**GIVEN RECORDS:**
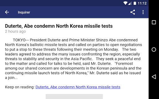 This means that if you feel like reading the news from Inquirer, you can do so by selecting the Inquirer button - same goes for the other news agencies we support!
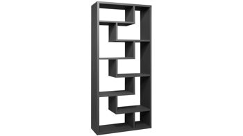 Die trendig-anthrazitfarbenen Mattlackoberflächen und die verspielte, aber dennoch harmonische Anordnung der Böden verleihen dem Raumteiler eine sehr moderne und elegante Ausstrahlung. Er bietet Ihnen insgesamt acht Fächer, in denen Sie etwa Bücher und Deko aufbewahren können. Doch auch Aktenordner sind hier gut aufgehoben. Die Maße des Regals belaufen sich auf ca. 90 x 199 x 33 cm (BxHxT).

---

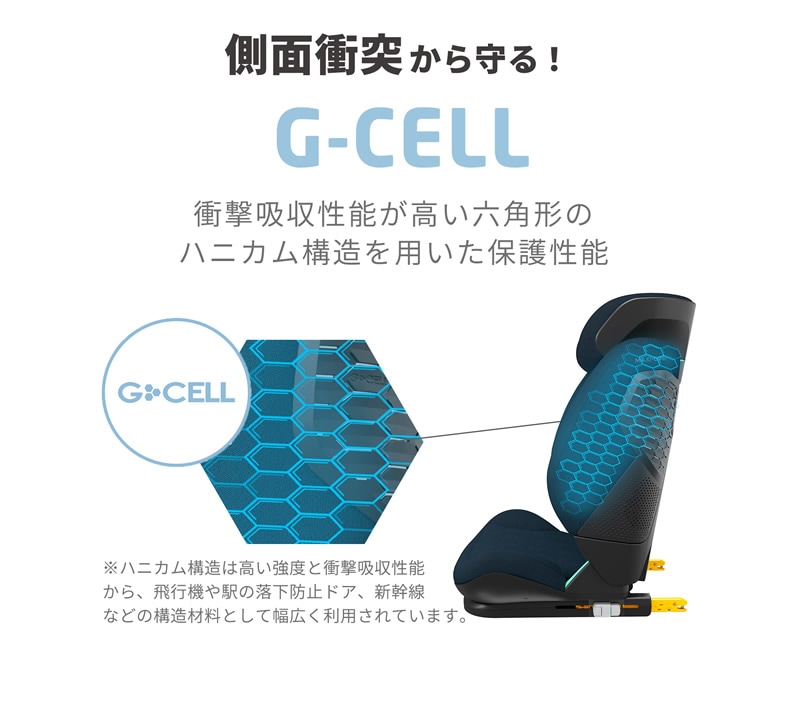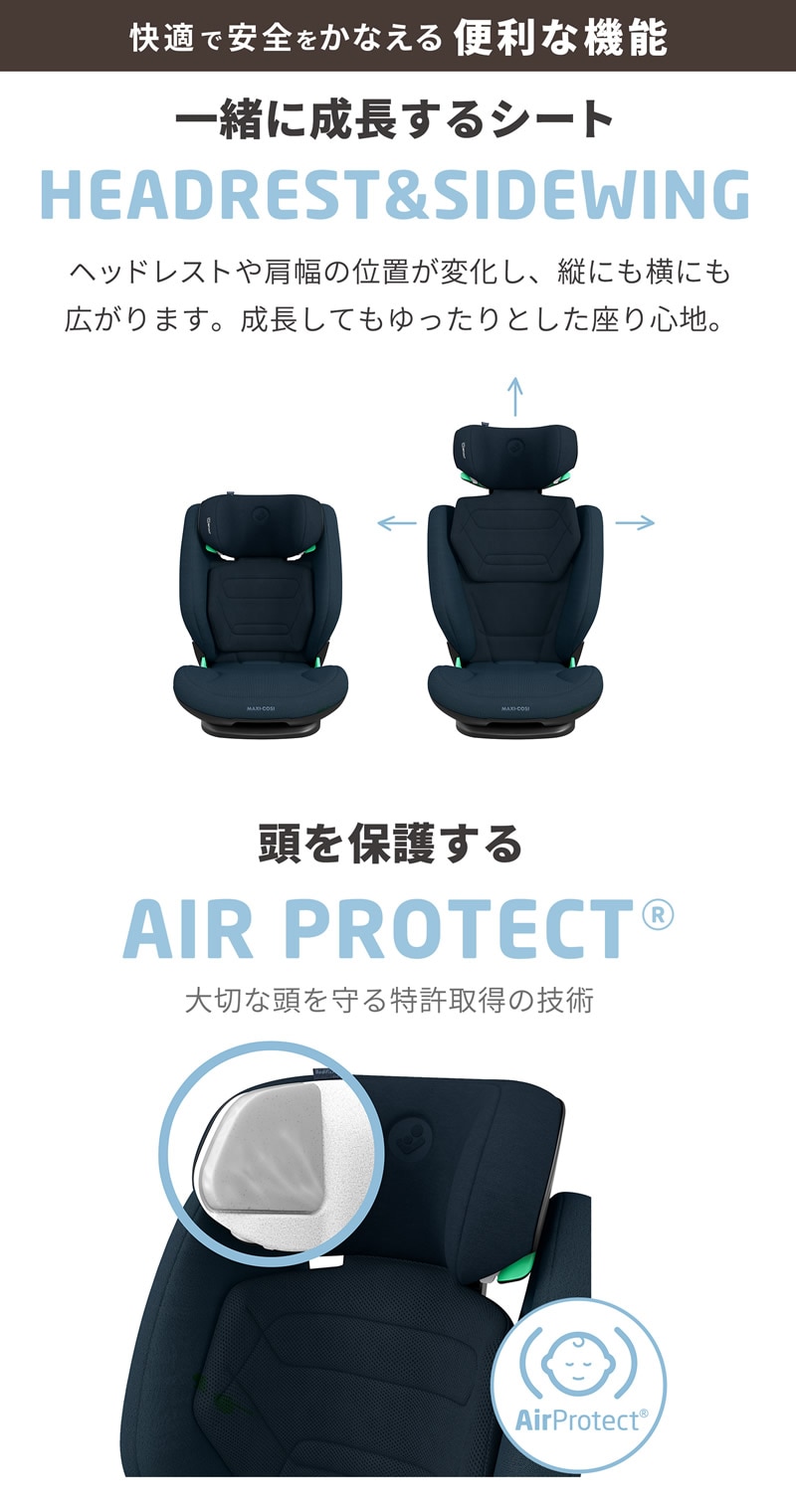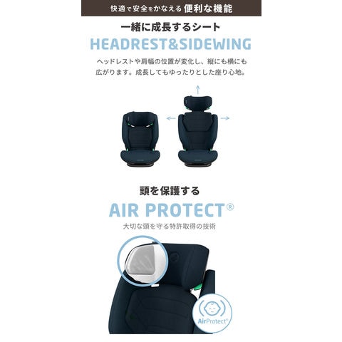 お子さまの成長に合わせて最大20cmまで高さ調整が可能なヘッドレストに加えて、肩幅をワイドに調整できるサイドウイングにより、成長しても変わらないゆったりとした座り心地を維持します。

--

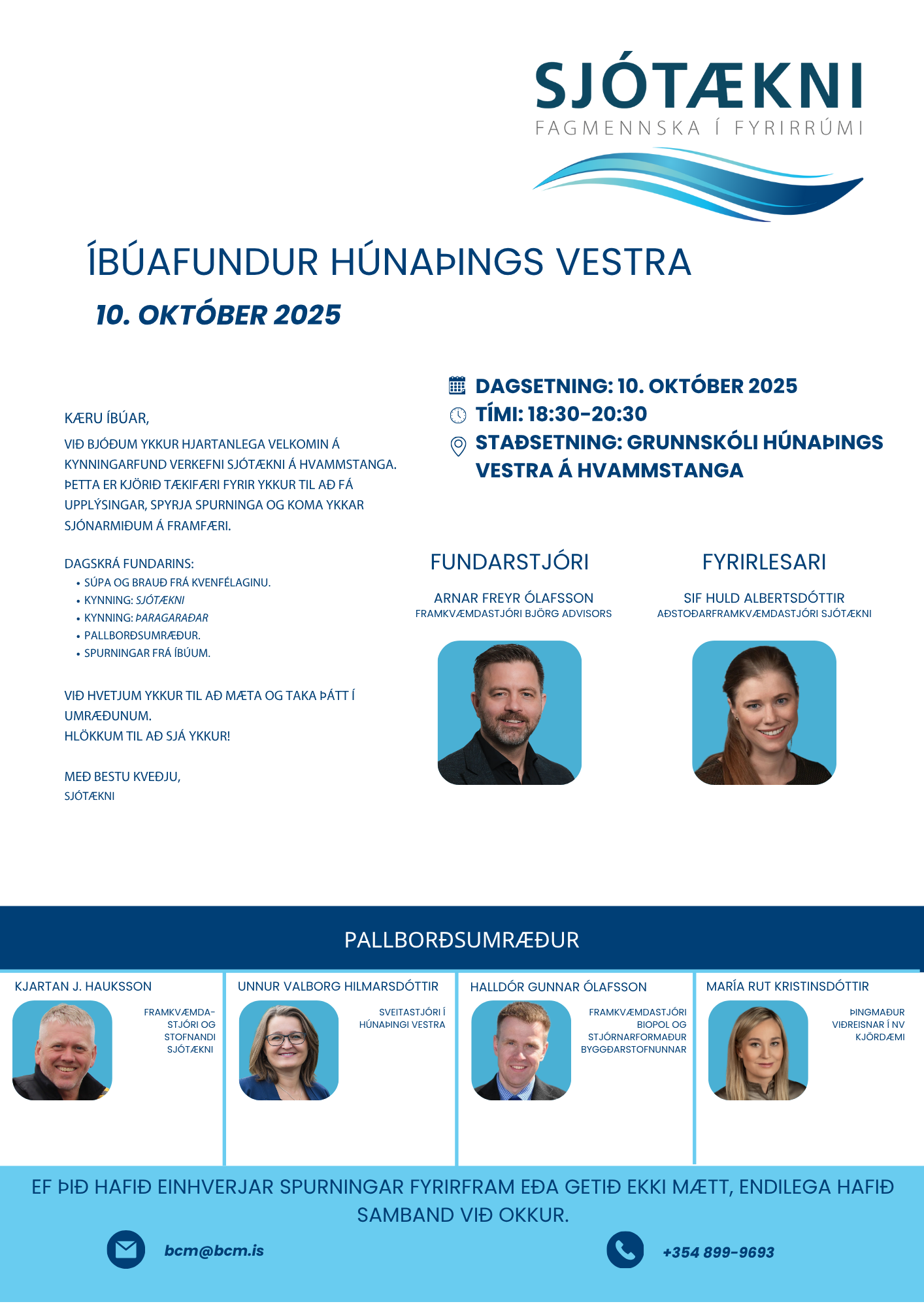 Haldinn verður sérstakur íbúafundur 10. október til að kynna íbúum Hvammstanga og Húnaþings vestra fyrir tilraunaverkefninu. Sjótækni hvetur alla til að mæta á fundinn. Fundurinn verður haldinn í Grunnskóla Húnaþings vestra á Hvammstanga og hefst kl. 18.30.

**EXERCISE REQUIREMENTS:** In the listing above, find the line with "This means that" and the line with "Die trendig-anthrazitfarbenen Mattlackoberflächen". Set down exactly those lines and everything between them, skipping pictures.

**THE COMPLETED TASK:**
 This means that if you feel like reading the news from Inquirer, you can do so by selecting the Inquirer button - same goes for the other news agencies we support!
 Die trendig-anthrazitfarbenen Mattlackoberflächen und die verspielte, aber dennoch harmonische Anordnung der Böden verleihen dem Raumteiler eine sehr moderne und elegante Ausstrahlung. Er bietet Ihnen insgesamt acht Fächer, in denen Sie etwa Bücher und Deko aufbewahren können. Doch auch Aktenordner sind hier gut aufgehoben. Die Maße des Regals belaufen sich auf ca. 90 x 199 x 33 cm (BxHxT).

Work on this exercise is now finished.